[PATCH] erofs: prevent buffered read bio merges across device chunks

From: Yifan Zhao

Date: Thu Jun 11 2026 - 23:34:09 EST


EROFS chunked files may place adjacent logical chunks on different
devices. The physical block numbers are per-device, so two neighboring
chunks can still look sector-contiguous to the generic iomap buffered
read code.

For example:

logical file offset
0 8K 16K 24K
+----------+----------+----------+
| chunk 0 | chunk 1 | chunk 2 |
+----------+----------+----------+
| | |
v v v
dev 1 dev 3 dev 3
sector 8 sector 24 sector 40

The transition from chunk 0 to chunk 1 crosses a device boundary, but
iomap can still treat sector-contiguous bios as mergeable without
checking whether they belong to the same device.
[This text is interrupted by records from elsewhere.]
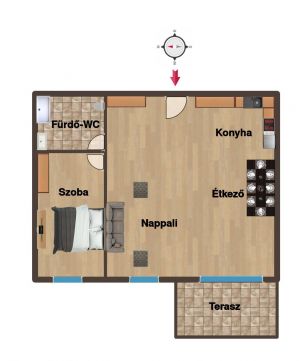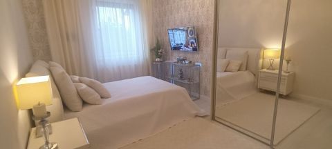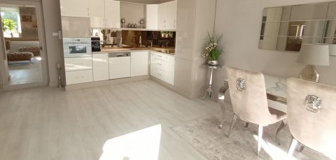 A lakás jellemzői: Tágas nappali és egy kényelmes hálószoba, melyek mind a modern designnak, mind a praktikus elrendezésnek köszönhetően kényelmesek és világosak. A nappali közvetlen kapcsolatban van a kerttel, így a nappaliból egy szép, privát teraszra vezet, ahol a reggeli kávét vagy a nyári estéket élvezhetjük a természet közvetlen közelségében.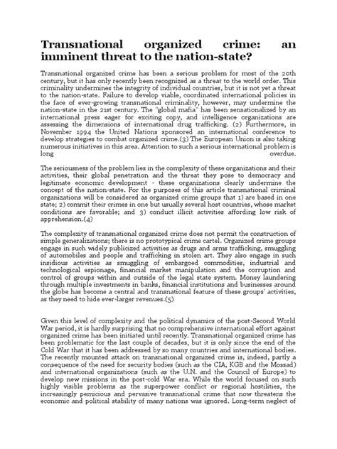 Hey guys! Let’s dive deep into the world of transnational organized crime . This isn’t just about your local neighborhood thugs; we’re talking about sophisticated, cross-border criminal enterprises that operate on a global scale. These groups are incredibly adaptable and often exploit vulnerabilities in legal systems, economies, and societies to carry out their illicit activities. Their operations can range from drug trafficking and human smuggling to cybercrime, arms dealing, and even environmental exploitation. The sheer scale and complexity of transnational organized crime make it a formidable challenge for law enforcement agencies worldwide. Understanding how these organizations function, their motivations, and their impact is crucial for developing effective strategies to combat them. We’ll explore the different facets of this problem, including the types of crimes committed, the structures of these groups, and the global efforts underway to disrupt their operations. So, buckle up, because this is a topic that affects us all, directly or indirectly, and shedding light on it is super important for our collective safety and security. The fight against these criminal networks is ongoing, and it requires international cooperation and a comprehensive understanding of the threats they pose.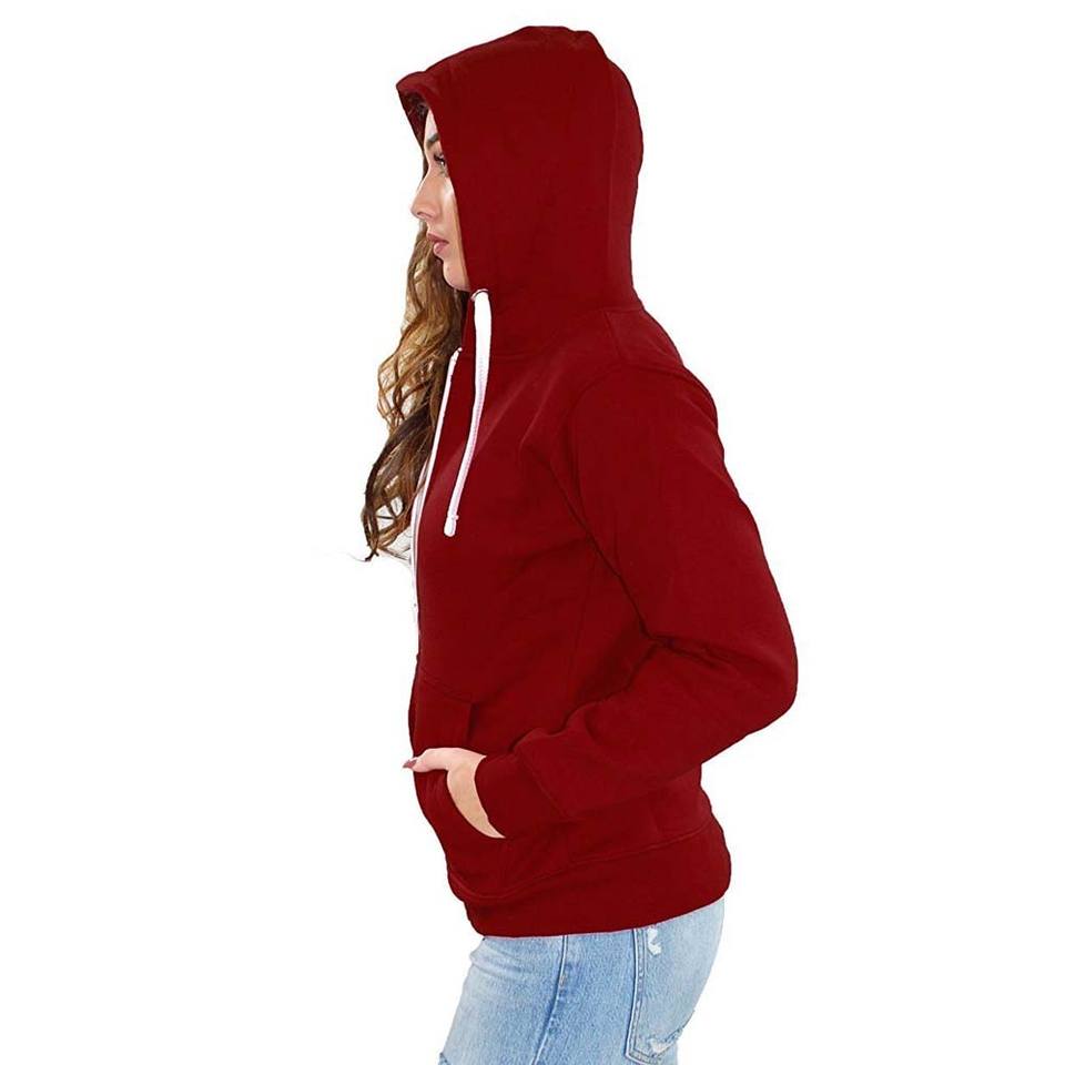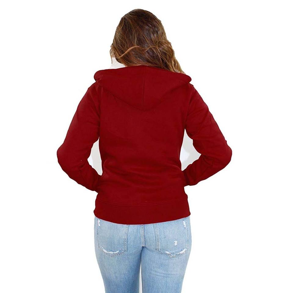 Maroon Red Ladies Women Plain Zip up New Fleece Red Top Hoodie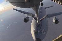 A U.S. Air Force KC-135 refuels a KC-10 in mid air over Southwest Asia.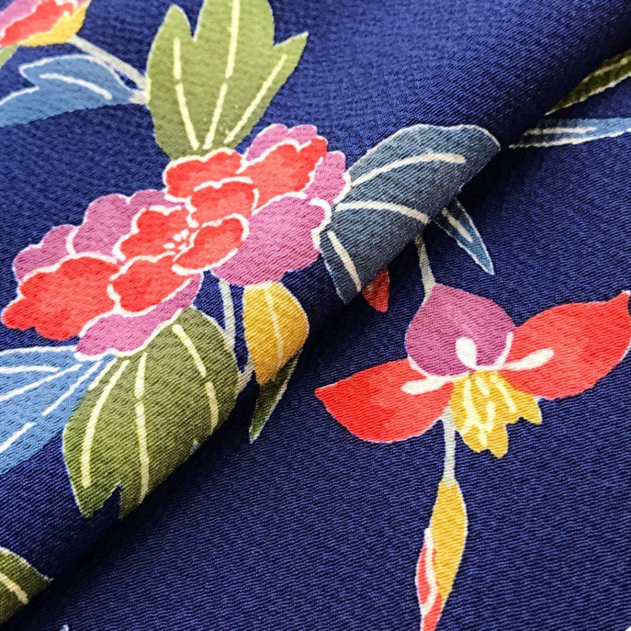 小紋 花柄型染 上質な縮緬 しつけ糸 K-1688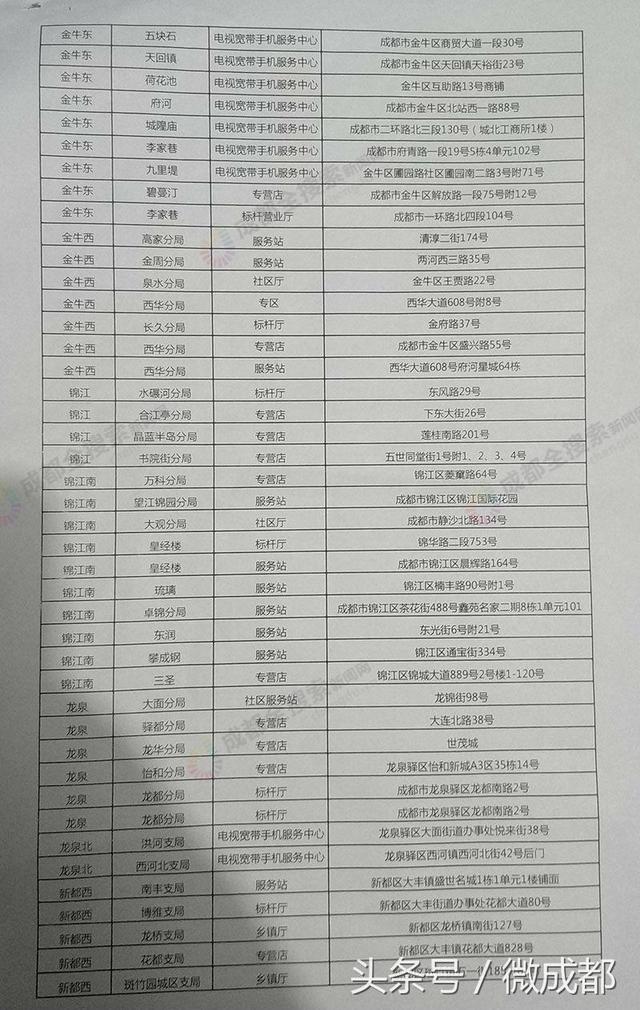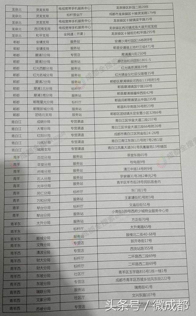 2018年3月31日后,成都艾普宽带将不再提供网络服务,现有用户将陆续转移至中国电信成都分公司网络,那么,在哪些电信营业厅可以查询和办理转移事项呢?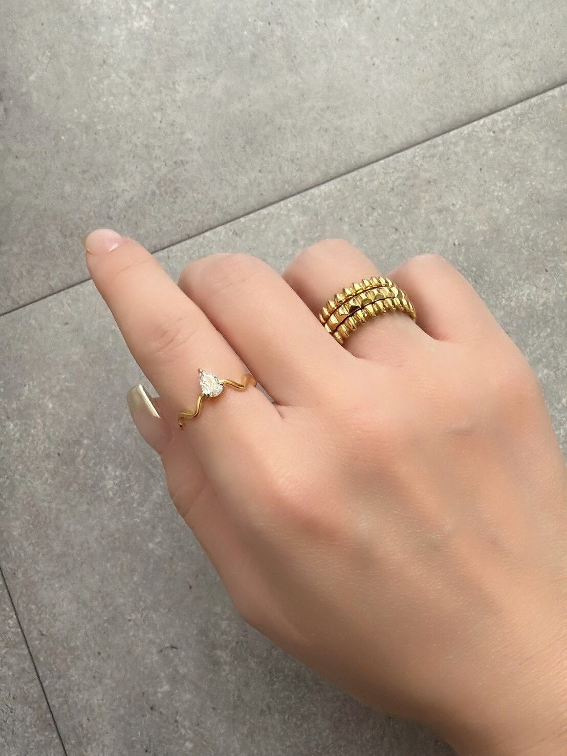 波打つようなシルエットが、柔らかく光を反射して手元を美しく演出。中心に添えられた涙型のストーンは、見る角度によってきらめきを変え、まるで感情のきらめきを映し出すかのよう。シンプルな中にも上品な個性を感じさせる仕上がりです。
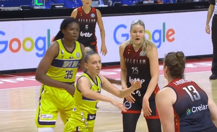 第二节的比赛,波黑队将分差缩小到了3分,但是此后球队连续失误被对手拿到4分,范洛三分命中,分差来到了10分,艾雷兹三分命中帮助波黑止血,范洛连续杀内线得分,比莉-梅西造犯规两罚全中,半场比赛打完的时候,比利时37-22波黑,上半场的比赛比利时这边范洛10分、阿莱曼德7分,波黑这边归化的WNBA的MVP琼斯只得到了3分,并且出现了4次失误。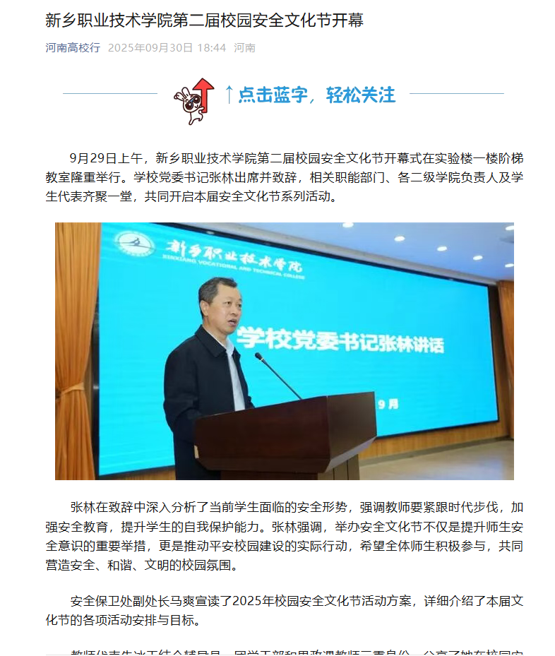【河南高校行】新乡职业技术学院第二届校园安全文化节开幕

The pending bio, however, is still bound to the previous block device:

bio->bi_bdev = dev 1

file 0..8K -> dev 1, sector 8
file 8..16K -> dev 3, sector 24
(must not be added here)

If the second range is added to the same bio, it will be submitted to
dev 1 and read from the wrong backing device, which is easy to trigger
with readahead.

This only affects paths using erofs_aops, where buffered reads go
through iomap bio helpers.

Fix by install EROFS-specific iomap read ops and split the pending
buffered read bio whenever the next mapped range belongs to a different
bdev. After the split, fall back to the generic iomap bio read helper
for the normal sector-based merge checks.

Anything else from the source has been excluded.